Everything in the records must be copied exactly except the pictures.

=-=-=

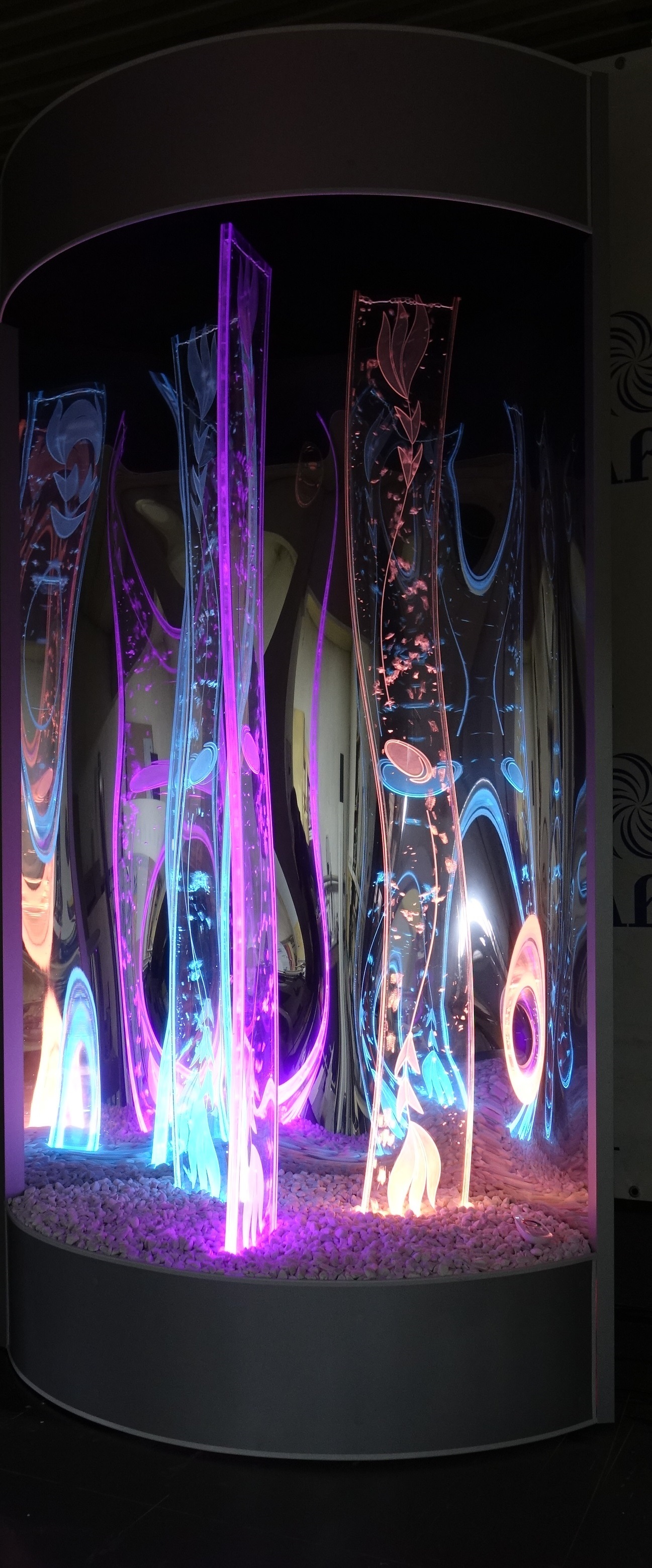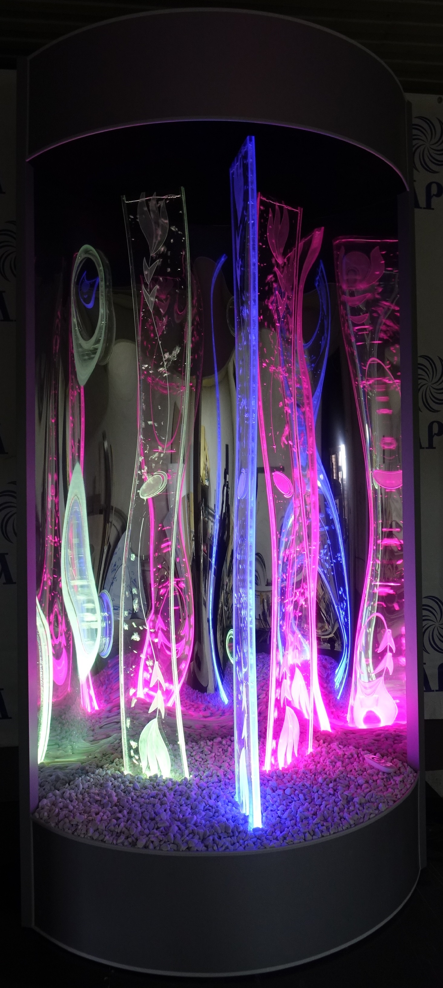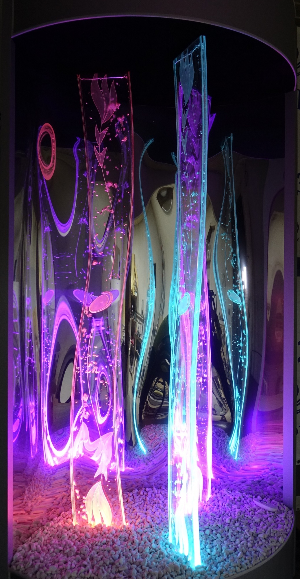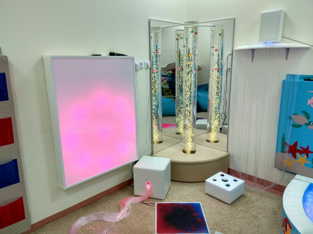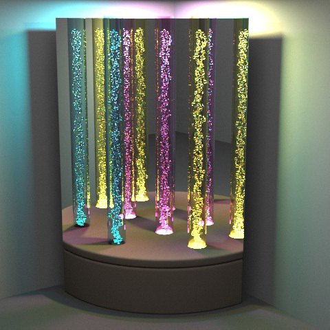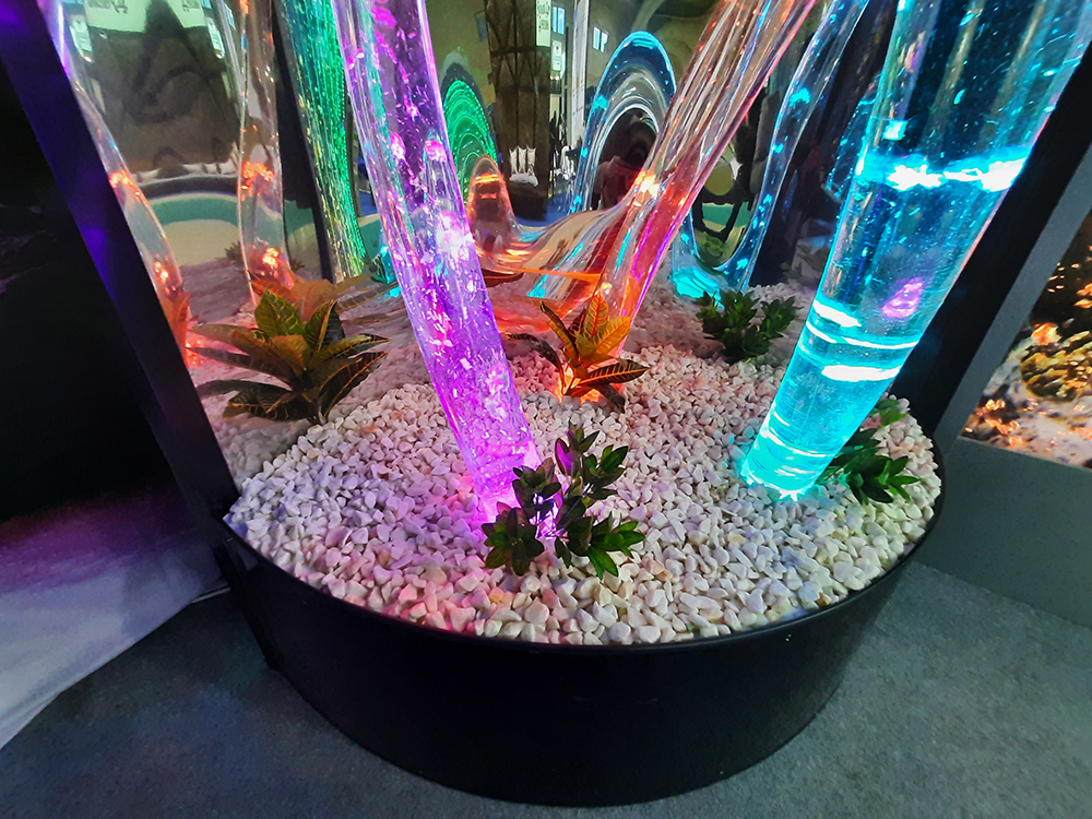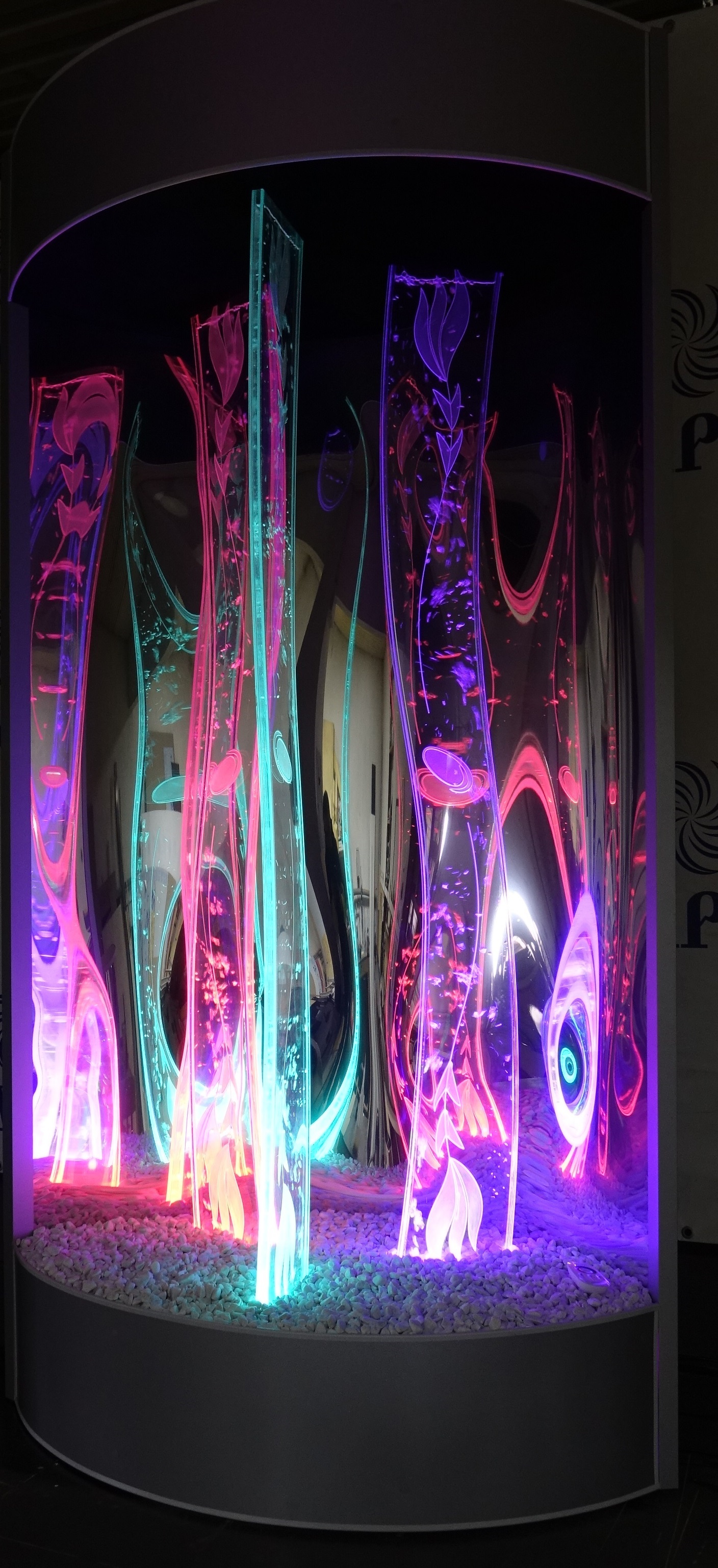 Пузырьковая колонна один из самых важных элементов в Сенсорной комнате. Колонны используются как в комплекте с мягким основанием (сидением) и акриловыми зеркалами, так и по отдельности. Колонна изготовлена из оргстекла. В комплекте имеет набор с декоративными рыбками и компрессор для подачи воздуха и образования поднимающихся внутри колбы пузырьков. Светодиодная подсветка, встроенная в нижнее основание. Управление: с помощью дистанционного пульта, который позволяет выбирать цвета, оттенки, регулировать яркость, задавать анимационные и световые эффекты.
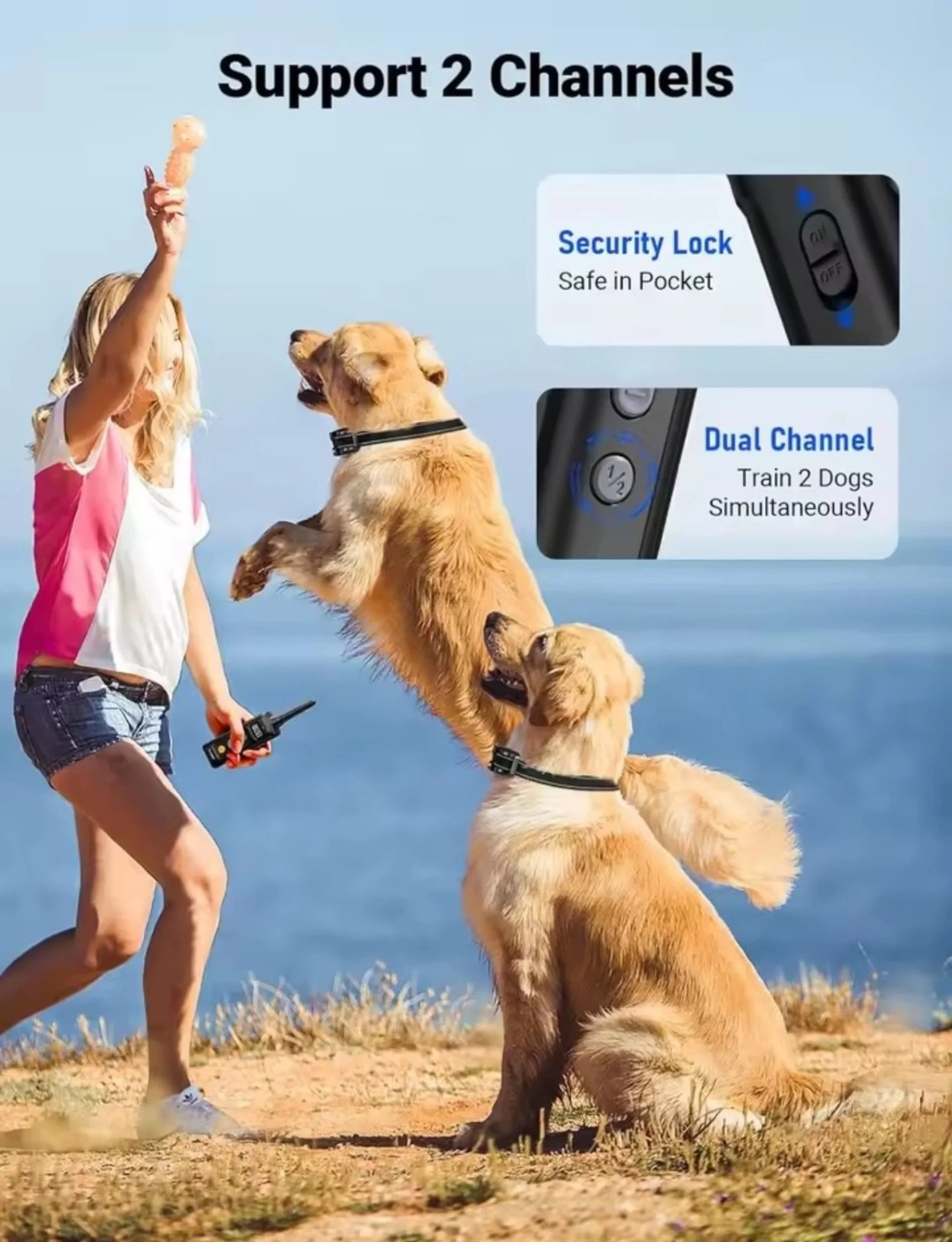 Дистанционното разполага с предпазен бутон за заключване, който елиминира риска от случайно натискане в джоба или по време на движение. Освен това, чрез двойния канал можете да добавите втори нашийник и да обучавате две кучета едновременно.
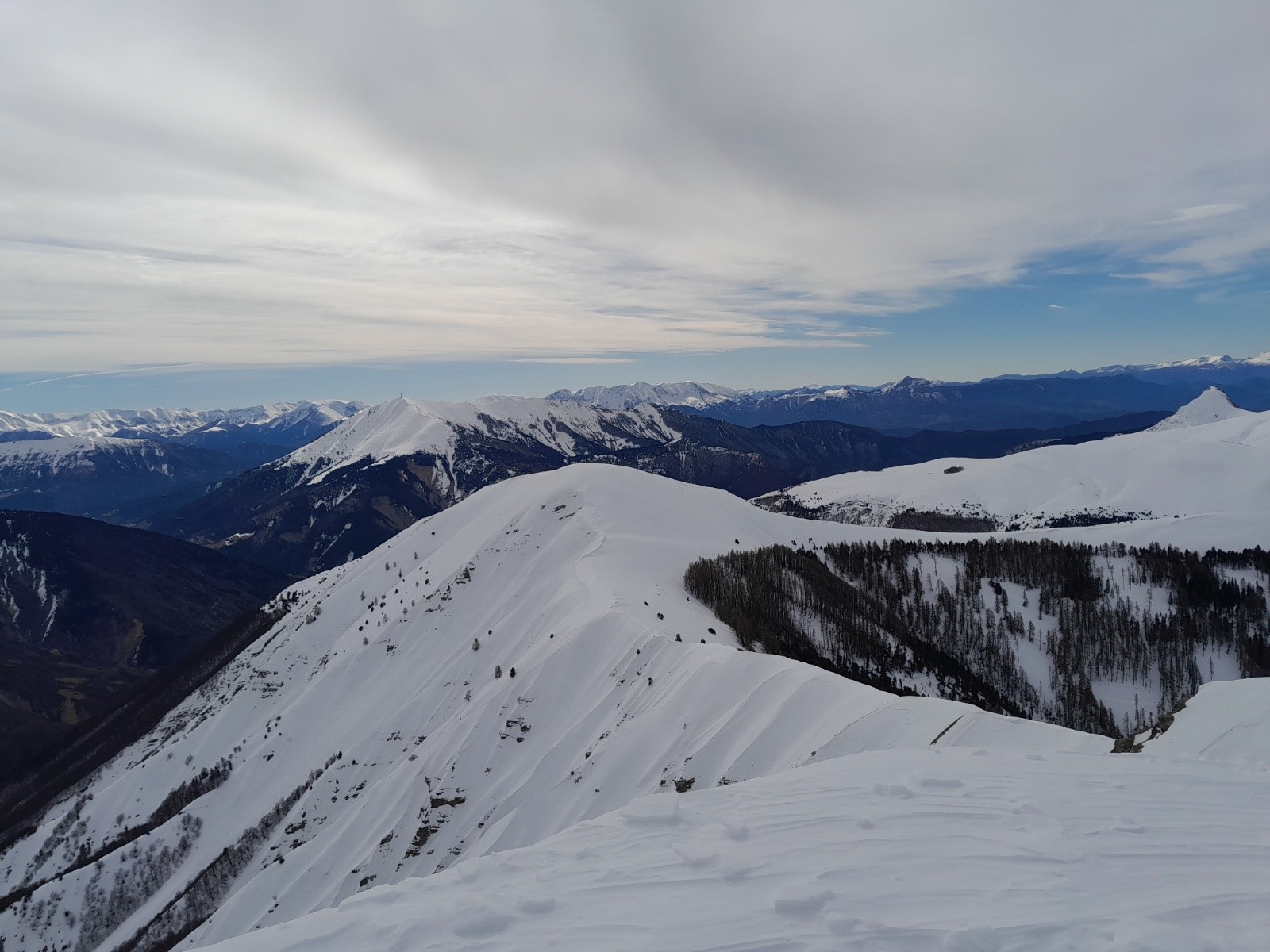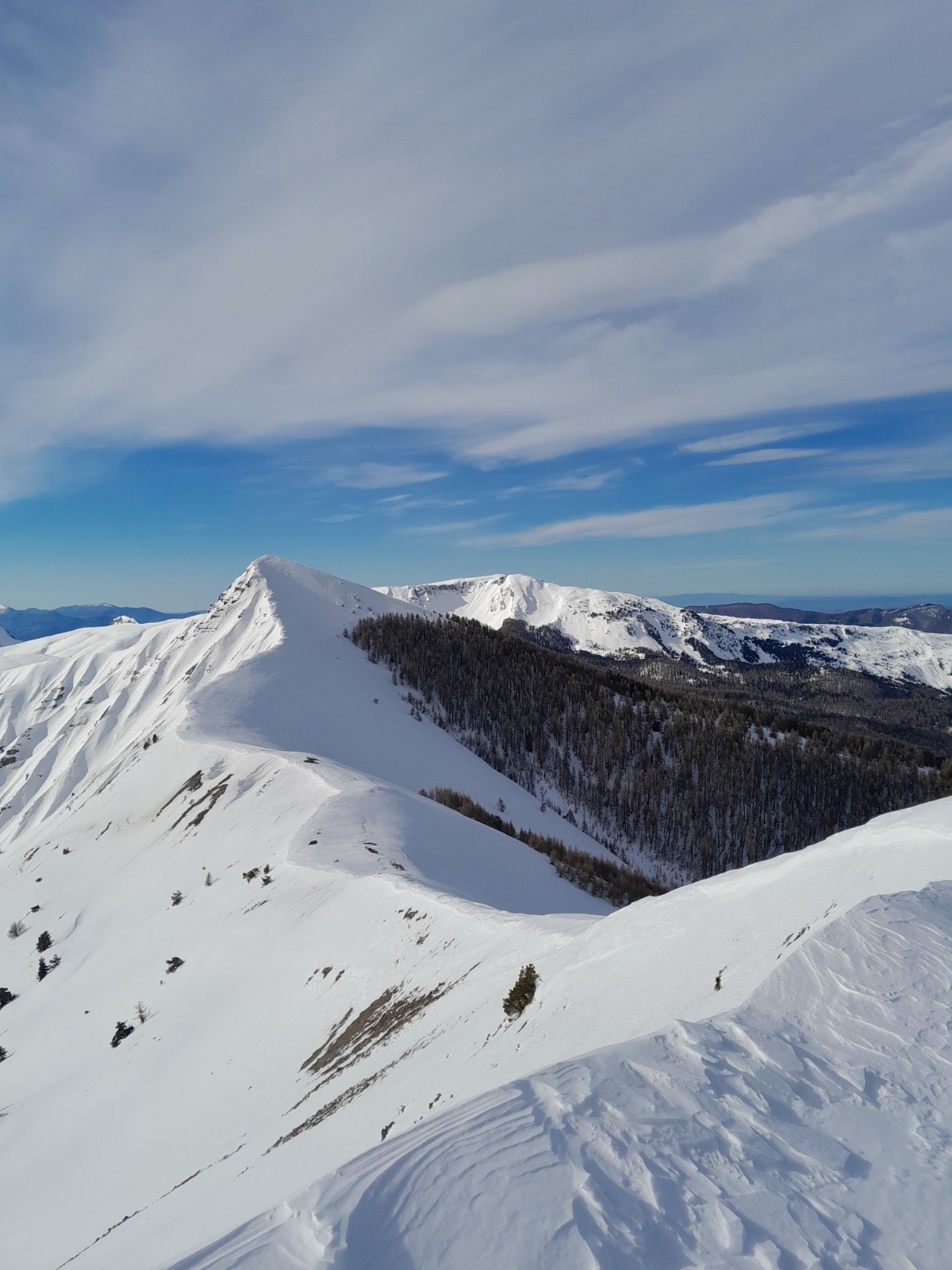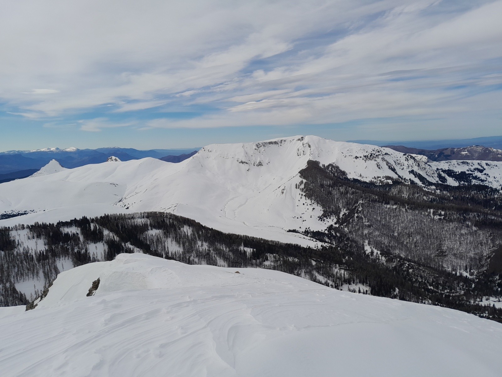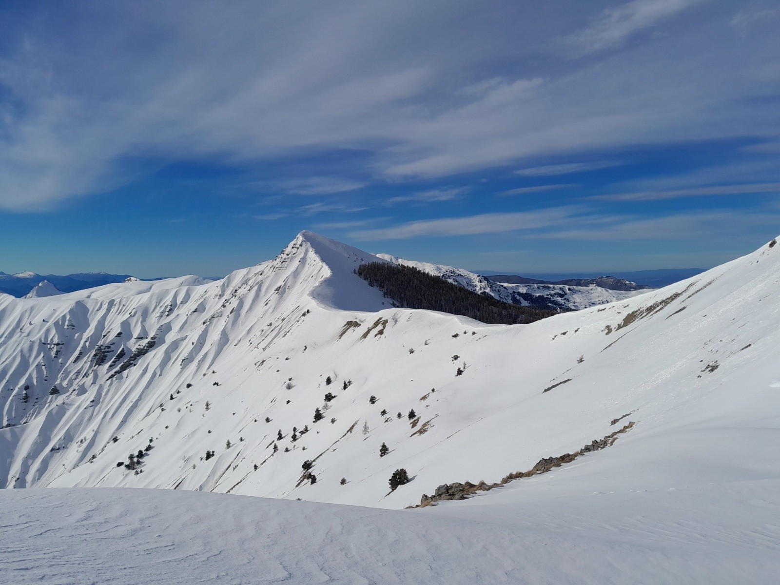Conditions pour le ski : globalement correcte mais de tout (du dégueulasse à très bon). Croute infâme en N et NE mais parfois de la poudre ***. Neige soufflée proche des crêtes **. Neige dure ailleurs allant du très dure *** au plus souple **** (pas de décaillage)
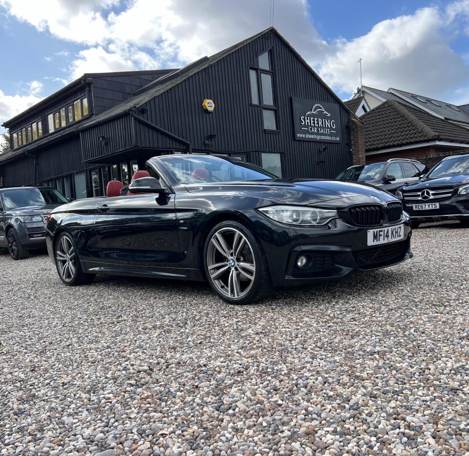 HERE WE HAVE THE MOST AMAZING BMW M-SPORT 4 SERIES CONVERTIBLE IN EXCEPTIONAL CONDITION THROUGHOUT WITH FULL SERVICE HISTORY, LONG MOT, 2 KEYS, PADDLE SHIFTS, CRUISE CONTROL, SPORT AND ECO OPTIONS, SAT NAV, FULL RED LEATHER SEATS, HEATED SEATS, ELECTRIC MEMO SEATS, AUTO LIGHTS, DRL LIGHTS, PARKING SENSORS, DAB, BLUETOOTH, AUX, USB, AIR CON, HEATED MULTI FUNCTION STEERING WHEEL, DRIVES VERY NICE, FINANCE AVAILABLE, P/X WELCOME
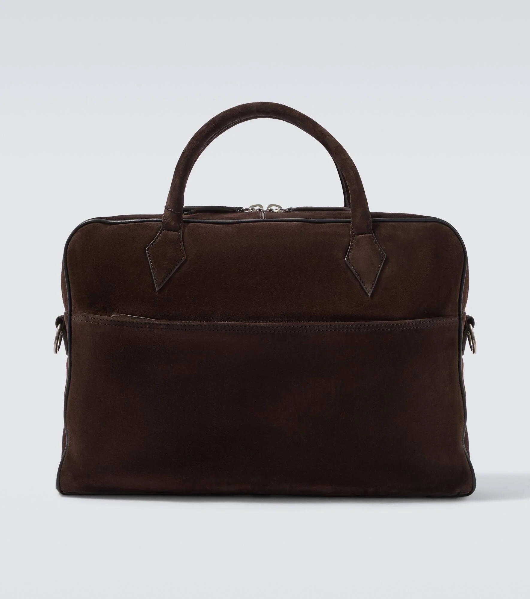 Metier's creations are by your side for every journey. Made in Italy from brown suede, the Closer Slim briefcase comes with two top handles, a detachable shoulder strap, and practical zipped compartments. Product Details - Material: leather (suede) - Lining: suede - Made in Italy - Color: brown - Designer color name: Chocolate - Closure: two-way zipped top - Top handles, Detachable, adjustable shoulder strap - Internal details: single compartment - Zipped front pocket - Includes: dust bag - Hardware color: silver - Item number: P01128976 Size & Fit - Height 27cm-10.5" - Width 39cm-15.5" - Depth 8cm-3" - Length of handles 35cm-14" - Adjustable shoulder strap - Min. length shoulder strap 96cm-38" - Max. length shoulder strap 146cm-57.5"

=-=-=

**Result for this exercise**
 Пузырьковая колонна один из самых важных элементов в Сенсорной комнате. Колонны используются как в комплекте с мягким основанием (сидением) и акриловыми зеркалами, так и по отдельности. Колонна изготовлена из оргстекла. В комплекте имеет набор с декоративными рыбками и компрессор для подачи воздуха и образования поднимающихся внутри колбы пузырьков. Светодиодная подсветка, встроенная в нижнее основание. Управление: с помощью дистанционного пульта, который позволяет выбирать цвета, оттенки, регулировать яркость, задавать анимационные и световые эффекты.
 Дистанционното разполага с предпазен бутон за заключване, който елиминира риска от случайно натискане в джоба или по време на движение. Освен това, чрез двойния канал можете да добавите втори нашийник и да обучавате две кучета едновременно.
Conditions pour le ski : globalement correcte mais de tout (du dégueulasse à très bon). Croute infâme en N et NE mais parfois de la poudre ***. Neige soufflée proche des crêtes **. Neige dure ailleurs allant du très dure *** au plus souple **** (pas de décaillage)
 HERE WE HAVE THE MOST AMAZING BMW M-SPORT 4 SERIES CONVERTIBLE IN EXCEPTIONAL CONDITION THROUGHOUT WITH FULL SERVICE HISTORY, LONG MOT, 2 KEYS, PADDLE SHIFTS, CRUISE CONTROL, SPORT AND ECO OPTIONS, SAT NAV, FULL RED LEATHER SEATS, HEATED SEATS, ELECTRIC MEMO SEATS, AUTO LIGHTS, DRL LIGHTS, PARKING SENSORS, DAB, BLUETOOTH, AUX, USB, AIR CON, HEATED MULTI FUNCTION STEERING WHEEL, DRIVES VERY NICE, FINANCE AVAILABLE, P/X WELCOME
 Metier's creations are by your side for every journey. Made in Italy from brown suede, the Closer Slim briefcase comes with two top handles, a detachable shoulder strap, and practical zipped compartments. Product Details - Material: leather (suede) - Lining: suede - Made in Italy - Color: brown - Designer color name: Chocolate - Closure: two-way zipped top - Top handles, Detachable, adjustable shoulder strap - Internal details: single compartment - Zipped front pocket - Includes: dust bag - Hardware color: silver - Item number: P01128976 Size & Fit - Height 27cm-10.5" - Width 39cm-15.5" - Depth 8cm-3" - Length of handles 35cm-14" - Adjustable shoulder strap - Min. length shoulder strap 96cm-38" - Max. length shoulder strap 146cm-57.5"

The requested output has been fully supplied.